There is increasing interest in methods to reduce or capture CO2 from many different gaseous mixtures. CO2 is an undesired component that is present in many gas streams such as natural gas and effluent gases, and there is also much global interest in reducing CO2 emissions from combustion exhaust for the prevention of global warming. CO2 can be removed or captured by many means, such as physical or chemical absorption of the gas by a liquid or solid.
Currently, a common method of carbon dioxide capture from process streams in industrial complexes involves the use of aqueous solutions of alkanolamines, but usually on a small scale. The process has been used commercially since the early 1930s (see, for example, Kohl and Nielsen, Gas Purification, 5th Edition, Gulf Publishing, Houston Tex., 1997), and is based on the reaction of a weak base (alkanolamine) with a weak acid (CO2) to produce a water-soluble salt. This reaction is reversible, and the equilibrium is temperature dependent.

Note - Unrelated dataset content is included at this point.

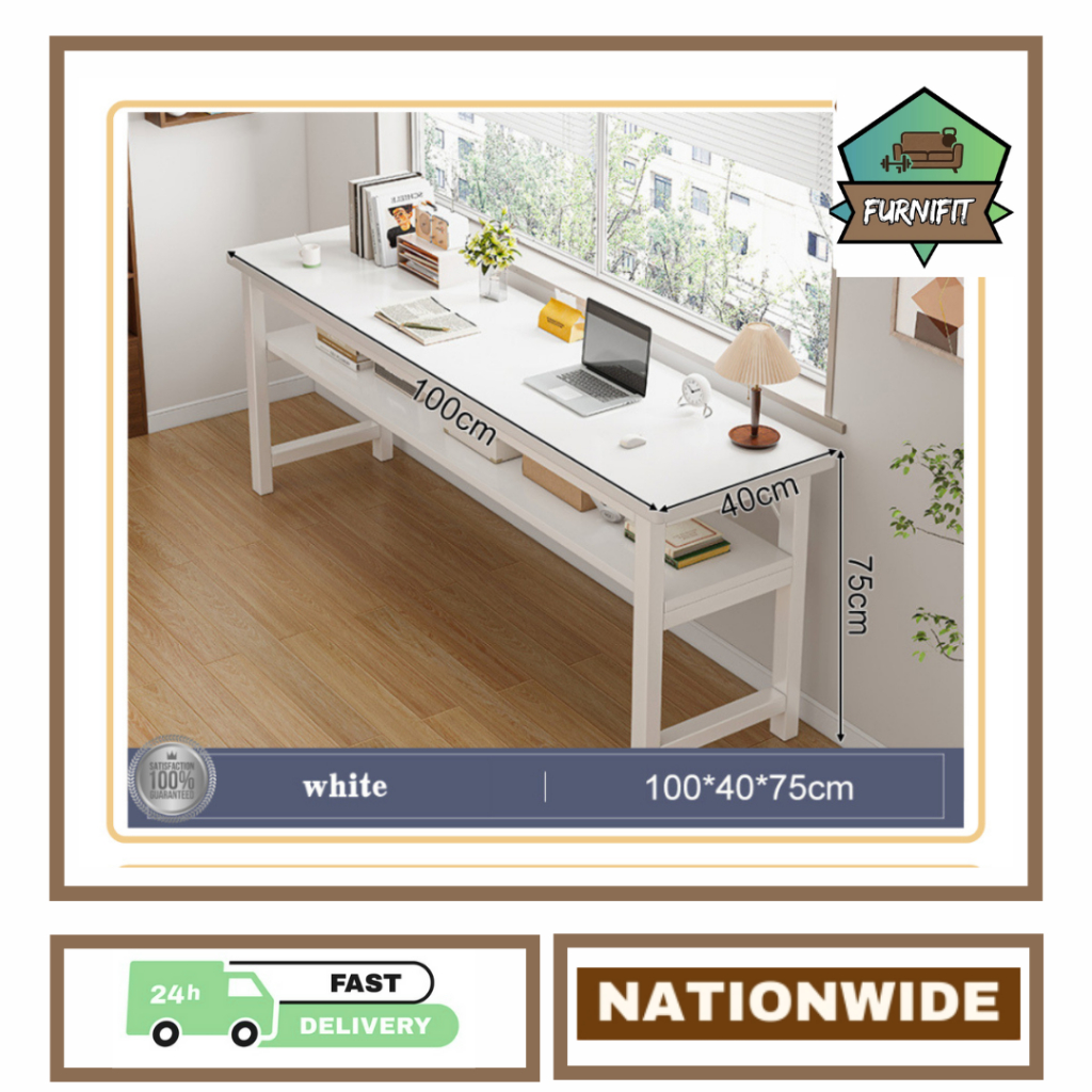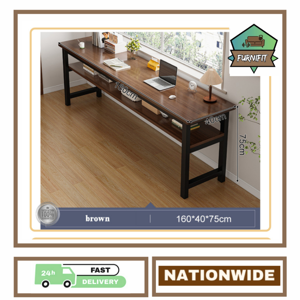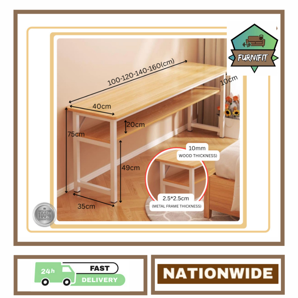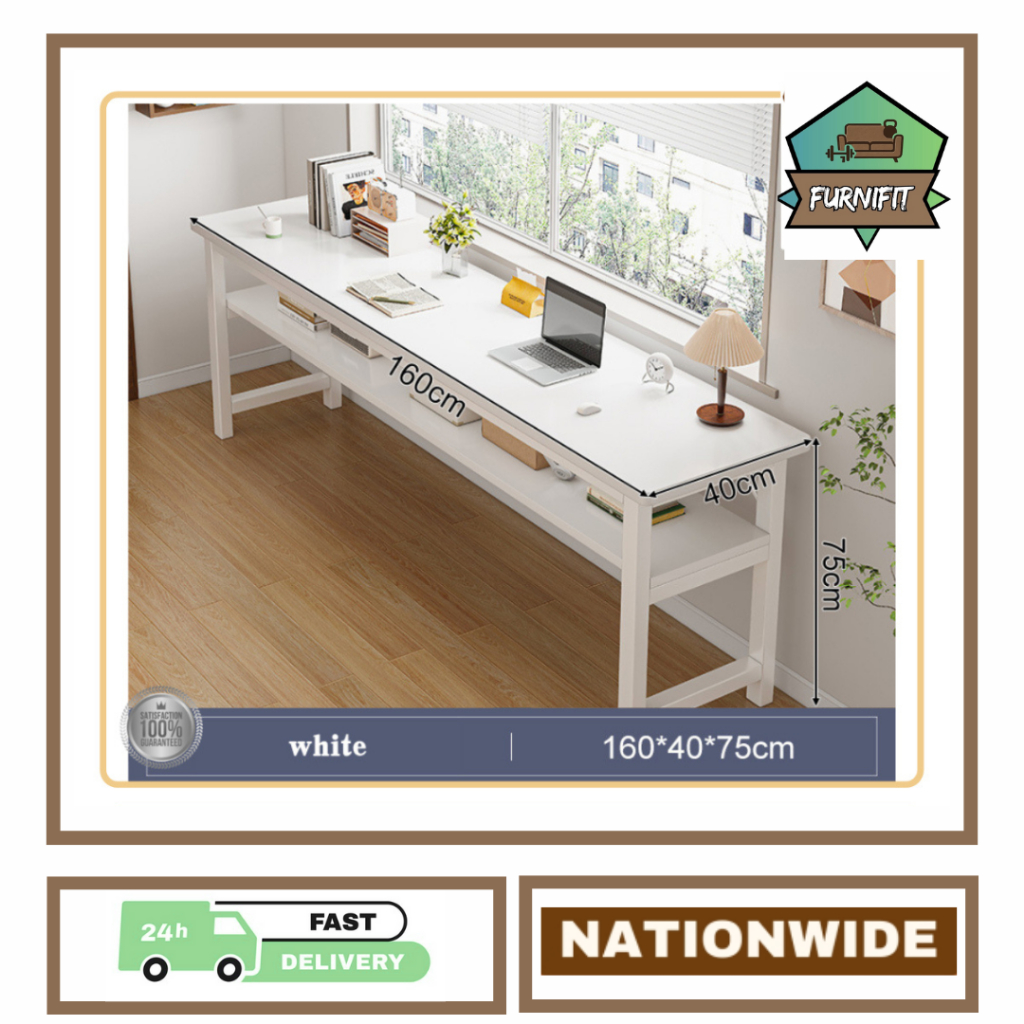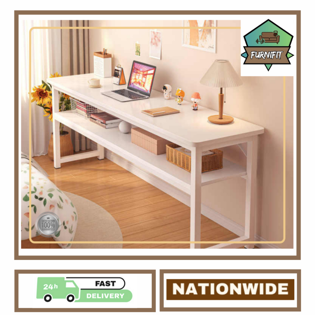 2 Layer Long Office Table Computer Desk Study Table Home Office 100-160cm Table with Storage Shelf

The use of alkanolamines as absorbents for CO2 (from power plant flue gases, for example) is somewhat disadvantaged in respect of the amount of energy needed to regenerate the CO2-rich solvent, the size of the CO2 capture plant, and the loss of alkanolamines to the environment. Among conventional alkanolamines, monoethanolamine (MEA) is considered an attractive solvent at low partial pressures of CO2 because it reacts at a rapid rate and the cost of the raw materials is low compared to that of secondary and tertiary amines. The costs of absorption processes using MEA are high, however, because of the high energy consumption in regeneration, and because of operation problems such as corrosion, solvent loss and solvent degradation. Furthermore, MEA can be loaded up to only 0.5 mol of CO2/mol of MEA, or 33 mol %, as a result of the stable carbonates formed.
Physical absorption systems have advantages over chemical absorption such as lower energy costs, but also have disadvantages such as solvent losses and low CO2 capacity. A need thus remains for systems and materials capable of providing low-cost, high-capacity methods of CO2 capture.
Concurrently, there is also interest in methods to reduce or capture SO2 from many different gaseous mixtures. Ideally the same process and compounds could be used for both gases, with the capability to selectively release the gases upon demand.